Friday July 12, 6:30 – 7:45pm > Graeme Patterson, Screening, Durham Art Gallery
Monkey and Deer
2007
12 min, SD, 16:9, stereo
This 12 min stop-motion animation explores the adventures of a monkey and a deer crossing paths in the southern Saskatchewan ghost town of Woodrow. Inspired by the artists family history and a romanticised longing for the community, “Monkey and Deer” resembles a fairy-tale with a dark aesthetic. The abandoned buildings are roughly based on the all too real state of these small communities, while the people within the town seem like ghosts from a forgotten era. The monkey plays the role of the stranger exploring what once was, while the deer acts as a guide to the reality of its grim future.

Secret Citadel
2013
30 min, HD, 16:9, stereo
This experimental stop-motion animation explores the trials and tribulations of male friendship. Guided by a variety of subtle gestures and intense interactions an anthropomorphic bison and cougar create a bond that spans all stages of maturity. Playful creativity brings them together while violent awkwardness tears them apart. Eventually the extremes of their relationship create a semi-automated existence as their various animated and live-action forms venture through a self-referential world.

Strange Birds
2023
31 min, 4K, 21:9, stereo
This hybrid animated/live action experimental short explores a circular narrative featuring two anthropomorphized birds with varying relationships to the landscape they inhabit.

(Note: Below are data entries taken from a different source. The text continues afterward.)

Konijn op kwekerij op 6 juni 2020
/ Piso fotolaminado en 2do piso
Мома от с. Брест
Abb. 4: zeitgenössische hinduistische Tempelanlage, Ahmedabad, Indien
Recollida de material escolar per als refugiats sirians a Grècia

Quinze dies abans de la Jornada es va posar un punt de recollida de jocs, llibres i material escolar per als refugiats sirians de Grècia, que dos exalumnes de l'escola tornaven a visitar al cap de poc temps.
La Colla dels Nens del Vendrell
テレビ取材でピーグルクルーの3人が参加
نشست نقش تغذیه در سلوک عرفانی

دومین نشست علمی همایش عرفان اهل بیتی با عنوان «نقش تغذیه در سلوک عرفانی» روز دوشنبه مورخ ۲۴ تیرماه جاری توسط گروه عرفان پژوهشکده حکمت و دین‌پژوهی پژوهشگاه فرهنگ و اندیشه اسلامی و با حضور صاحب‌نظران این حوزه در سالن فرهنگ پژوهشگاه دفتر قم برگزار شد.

The starlings in Strange Birds are an invasive species, propagating uncontrollably until they overwhelm the fragile eco-system of the marshland. Eventually the sea overwhelms the world constructed by these strange birds, erasing all evidence of their presence, leaving just the water and a great blue heron who has acted as a kind of observer of the antics of the birds who settled in its ecosystem. These avatars reflect two aspects of the artist, and through his vision, we viewers can slip into his world, one which eerily mirrors our own.

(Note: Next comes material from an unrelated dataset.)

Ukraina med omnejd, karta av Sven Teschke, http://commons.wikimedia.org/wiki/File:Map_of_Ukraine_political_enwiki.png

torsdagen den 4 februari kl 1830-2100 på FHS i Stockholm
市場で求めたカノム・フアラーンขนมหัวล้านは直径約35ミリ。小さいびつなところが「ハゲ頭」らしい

For the past 20 years, Graeme Patterson has been creating immersive multi-media installations featuring stop-motion animated/hybrid live action narratives that explore place, memory, and the human condition. These 3 videos are each an integral part of Graeme’s 3 large bodies of work which include Woodrow, Secret Citadel, and Strange Birds. As a programmed collection they reveal the evolution of the artist’s technical and world building process. They also represent a common thread within Graeme’s practice. All three pieces feature a pair of characters, all of which represent animals in some form. The complexity of these characters technically and conceptually deepens from one project to the next. This includes the nature of their relationship and their metaphorical purpose. There is playful simplicity to Monkey and Deer that acts like a classic animation, where Strange Birds presents as visual poetry with its cyclical narrative and slow-paced demeanor. All 3 videos are also accompanied by the artist’s own music which has evolved through each body of work. Often this is an under acknowledged component within Graeme’s practice but plays an extremely important role in creating an intended mood for his narratives.

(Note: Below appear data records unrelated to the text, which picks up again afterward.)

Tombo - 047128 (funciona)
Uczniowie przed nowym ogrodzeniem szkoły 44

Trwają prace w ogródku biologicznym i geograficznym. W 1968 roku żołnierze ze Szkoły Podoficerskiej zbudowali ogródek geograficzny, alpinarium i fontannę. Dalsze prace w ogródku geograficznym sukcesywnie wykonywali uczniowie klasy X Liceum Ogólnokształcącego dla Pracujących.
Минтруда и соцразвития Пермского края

Combining, sculpture, scale models, stop-motion animation, robotics, interactive programming, virtual reality and music, Graeme Patterson’s work plunges us into a world that is as moving as it is playful. The product of a slow and meticulous creative process, his work entices us into an emotionally charged parallel universe inhabited by dreams, games, memory, fears, and nostalgia. A finalist for the 2014 and 2020 Sobey Art Award, Graeme Patterson was born in Saskatoon and currently lives in Sackville, New Brunswick. He was nominated for a Juno award in 2011 and received the Victor Martyn LynchStaunton award for media arts from the Canada Council for the Arts in 2012. His work has exhibited at museums and galleries internationally including the National Art Gallery of Canada, the Art Gallery of Hamilton, the Art Gallery of Nova Scotia, the Galerie de l’UQAM (Montreal, QC), the Mendel Art Gallery (Saskatoon, SK) the Southern Alberta Art Gallery (Lethbridge, AB), the Surrey Art Gallery (Surrey, BC)the Centre Des Arts d’Enghien-Les-Bains (Enghien-les-Bains, France), MASS MoCA (Massachusetts, USA), and Creative Time (NY, USA). He has also screened his animated films at several international festivals including the Toronto International Film Festival and the Reykjavik International Film Festival.